Look through the data below for the line with "- Min fru och" and the line with "This traditional kalamkari", then transcribe exactly from the first through the second, leaving out all pictures.

[Stored data]

○ ○ ○ ○ ○

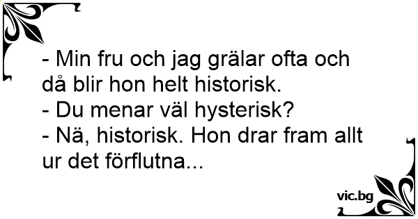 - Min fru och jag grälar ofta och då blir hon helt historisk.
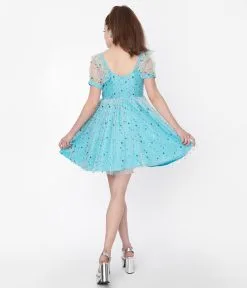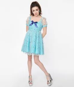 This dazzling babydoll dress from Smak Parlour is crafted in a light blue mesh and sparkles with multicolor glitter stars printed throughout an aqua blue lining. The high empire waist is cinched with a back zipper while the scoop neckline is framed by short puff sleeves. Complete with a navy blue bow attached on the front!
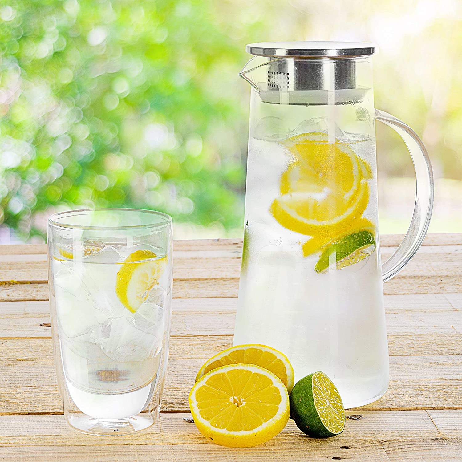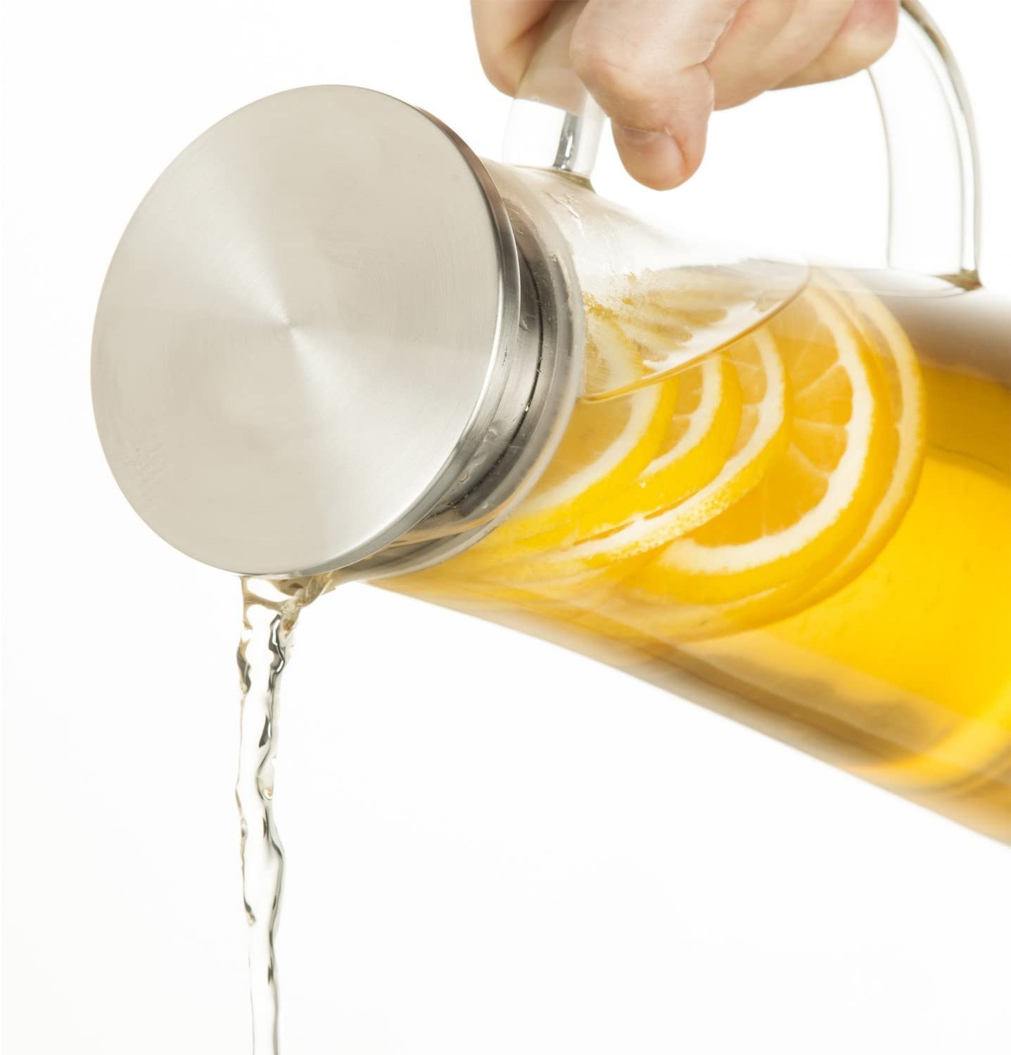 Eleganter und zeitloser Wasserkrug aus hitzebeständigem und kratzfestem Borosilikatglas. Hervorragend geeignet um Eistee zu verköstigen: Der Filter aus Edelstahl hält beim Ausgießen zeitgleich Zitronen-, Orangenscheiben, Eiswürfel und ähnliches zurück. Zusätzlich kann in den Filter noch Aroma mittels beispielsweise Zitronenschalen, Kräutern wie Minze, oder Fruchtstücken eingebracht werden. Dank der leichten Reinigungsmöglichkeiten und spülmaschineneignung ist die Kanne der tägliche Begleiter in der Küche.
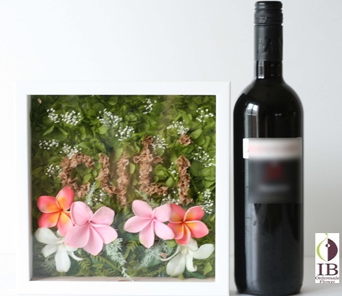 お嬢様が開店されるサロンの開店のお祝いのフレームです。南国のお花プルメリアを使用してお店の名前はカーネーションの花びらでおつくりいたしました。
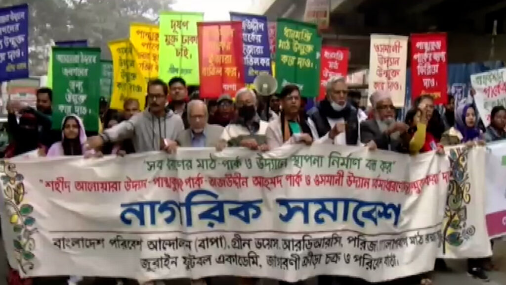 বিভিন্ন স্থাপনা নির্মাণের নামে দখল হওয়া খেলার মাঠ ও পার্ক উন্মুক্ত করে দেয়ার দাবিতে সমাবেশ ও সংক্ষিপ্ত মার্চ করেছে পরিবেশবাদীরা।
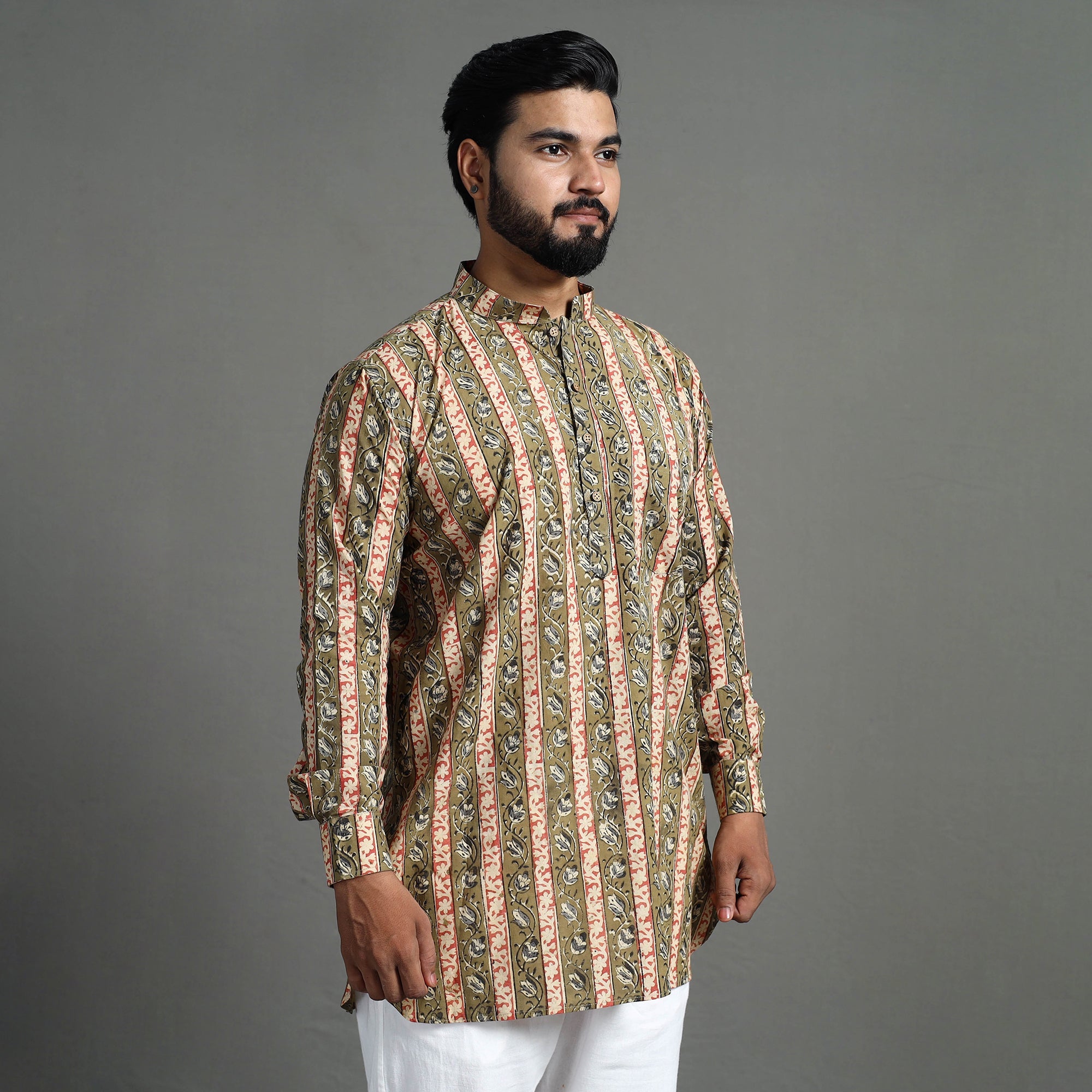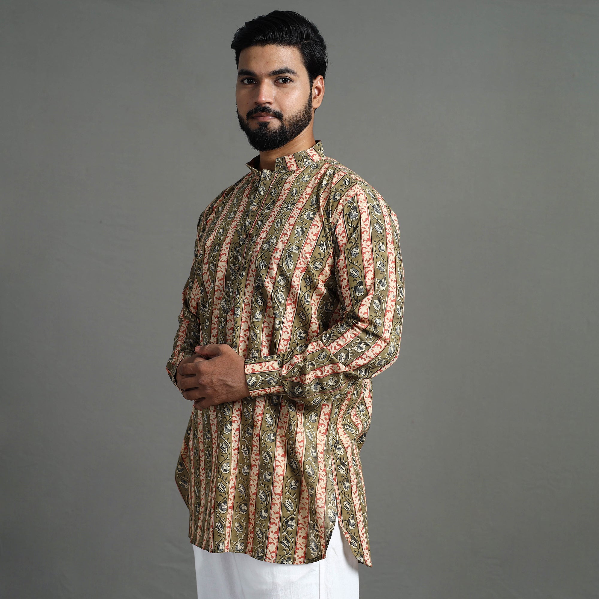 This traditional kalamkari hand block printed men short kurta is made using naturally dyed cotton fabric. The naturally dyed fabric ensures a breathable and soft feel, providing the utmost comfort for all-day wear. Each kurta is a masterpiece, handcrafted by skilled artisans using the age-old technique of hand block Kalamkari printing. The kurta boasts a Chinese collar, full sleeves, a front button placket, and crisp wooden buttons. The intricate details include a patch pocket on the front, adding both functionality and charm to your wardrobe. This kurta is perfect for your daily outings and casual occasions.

○ ○ ○ ○ ○

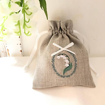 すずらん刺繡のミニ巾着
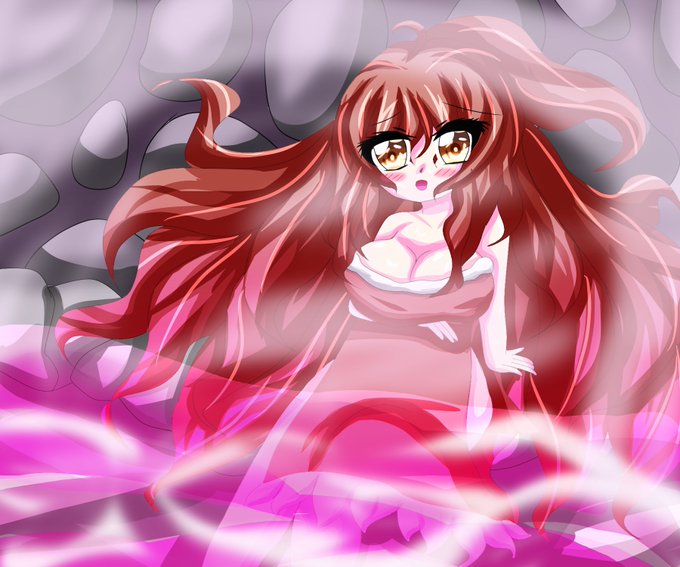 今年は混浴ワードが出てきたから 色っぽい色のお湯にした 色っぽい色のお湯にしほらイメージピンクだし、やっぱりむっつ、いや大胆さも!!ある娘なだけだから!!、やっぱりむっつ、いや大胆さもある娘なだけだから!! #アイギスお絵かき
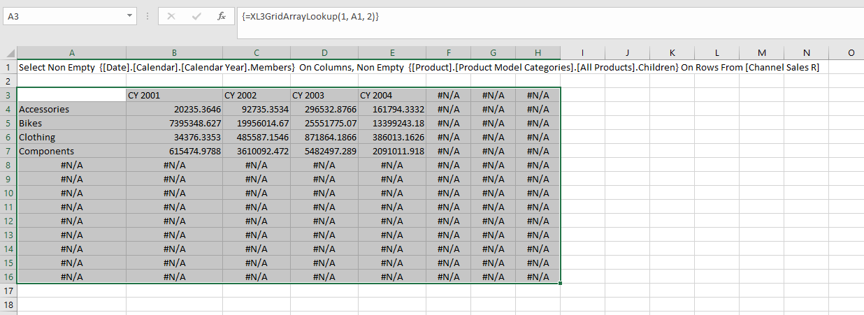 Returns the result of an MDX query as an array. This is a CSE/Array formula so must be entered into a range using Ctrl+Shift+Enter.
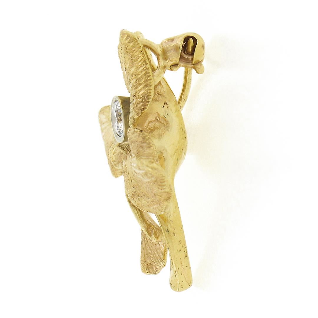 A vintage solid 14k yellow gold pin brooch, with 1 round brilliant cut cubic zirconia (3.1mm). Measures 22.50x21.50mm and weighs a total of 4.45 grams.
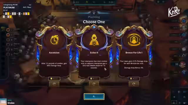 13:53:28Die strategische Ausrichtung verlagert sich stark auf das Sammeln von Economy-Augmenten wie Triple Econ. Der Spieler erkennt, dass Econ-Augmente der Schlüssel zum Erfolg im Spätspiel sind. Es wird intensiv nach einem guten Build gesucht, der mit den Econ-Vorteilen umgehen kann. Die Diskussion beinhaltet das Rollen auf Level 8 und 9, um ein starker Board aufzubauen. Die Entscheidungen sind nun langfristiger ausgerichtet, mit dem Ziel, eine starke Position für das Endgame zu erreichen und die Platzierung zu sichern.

○ ○ ○ ○ ○

_EXERCISE SOLUTION:_
 - Min fru och jag grälar ofta och då blir hon helt historisk.
 This dazzling babydoll dress from Smak Parlour is crafted in a light blue mesh and sparkles with multicolor glitter stars printed throughout an aqua blue lining. The high empire waist is cinched with a back zipper while the scoop neckline is framed by short puff sleeves. Complete with a navy blue bow attached on the front!
 Eleganter und zeitloser Wasserkrug aus hitzebeständigem und kratzfestem Borosilikatglas. Hervorragend geeignet um Eistee zu verköstigen: Der Filter aus Edelstahl hält beim Ausgießen zeitgleich Zitronen-, Orangenscheiben, Eiswürfel und ähnliches zurück. Zusätzlich kann in den Filter noch Aroma mittels beispielsweise Zitronenschalen, Kräutern wie Minze, oder Fruchtstücken eingebracht werden. Dank der leichten Reinigungsmöglichkeiten und spülmaschineneignung ist die Kanne der tägliche Begleiter in der Küche.
 お嬢様が開店されるサロンの開店のお祝いのフレームです。南国のお花プルメリアを使用してお店の名前はカーネーションの花びらでおつくりいたしました。
 বিভিন্ন স্থাপনা নির্মাণের নামে দখল হওয়া খেলার মাঠ ও পার্ক উন্মুক্ত করে দেয়ার দাবিতে সমাবেশ ও সংক্ষিপ্ত মার্চ করেছে পরিবেশবাদীরা।
 This traditional kalamkari hand block printed men short kurta is made using naturally dyed cotton fabric. The naturally dyed fabric ensures a breathable and soft feel, providing the utmost comfort for all-day wear. Each kurta is a masterpiece, handcrafted by skilled artisans using the age-old technique of hand block Kalamkari printing. The kurta boasts a Chinese collar, full sleeves, a front button placket, and crisp wooden buttons. The intricate details include a patch pocket on the front, adding both functionality and charm to your wardrobe. This kurta is perfect for your daily outings and casual occasions.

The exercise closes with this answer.